For two centuries Jacob Marlowe has wandered the world, enslaved by his lunatic appetites and tormented by the memory of his first monstrous crime. Now, the last of his kind, he knows he can't go on. But as Jake counts down to suicide, a violent murder and an extraordinary meeting plunge him straight back into the desperate pursuit of life.

I have to admit that I approached this novel with a certain amount of caution. I read one of the author's earlier novels - I, Lucifer - a few years ago and didn't really enjoy it. That said, I am always willing to give a writer the opportunity to win me over so I decided to take a chance and include The Last Werewolf during this month's werewolf themed shenanigans.

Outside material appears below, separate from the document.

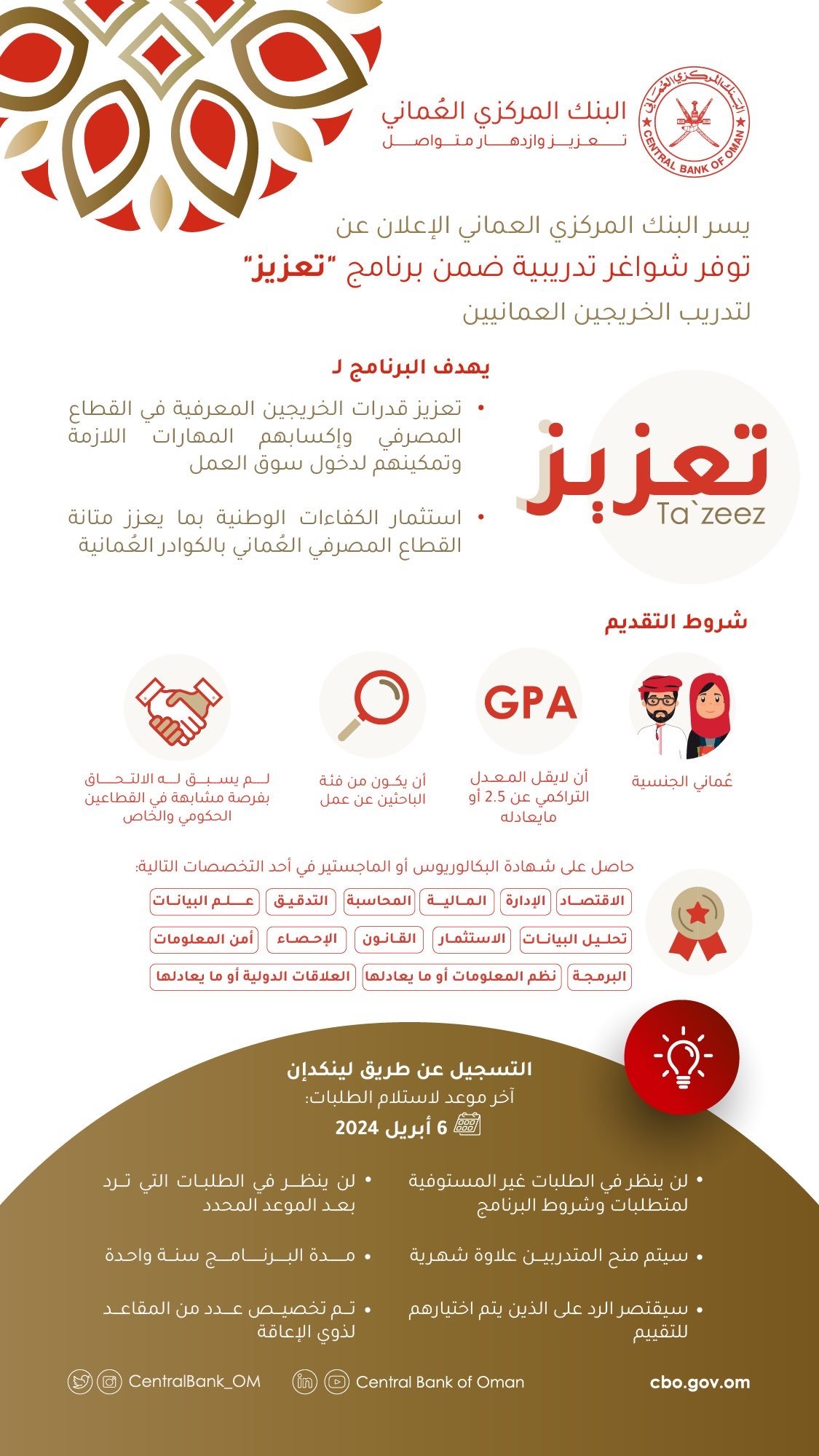 البنك المركز العماني - شواغر تدريبية ضمن برنامج ( تعزيز ) لتدريب الخريجين

Jacob `Jake' Marlowe is a fascinating character. He has lived as a werewolf for nearly two hundred years and is horrified at the prospect of living the same length of time over again. He has tried to make amends for the terrible things that does when he changes, but it has reached the point when he knows that this is no longer enough. Jake freely admits that he is a monster, and wants nothing more than to end the suffering he inflicts on others when he goes through his monthly transformation.

`I keep telling myself I'm just an outmoded idea. But you know, you find yourself ripping a child open and swallowing its heart, it's tough not to be overwhelmed by...the concrete reality of yourself'.

He has seen it all, and done it all, and at the very moment he is committed to ending his life, he glimpses the chance to change everything. This sends the rest of the novel off in a direction I wasn't expecting.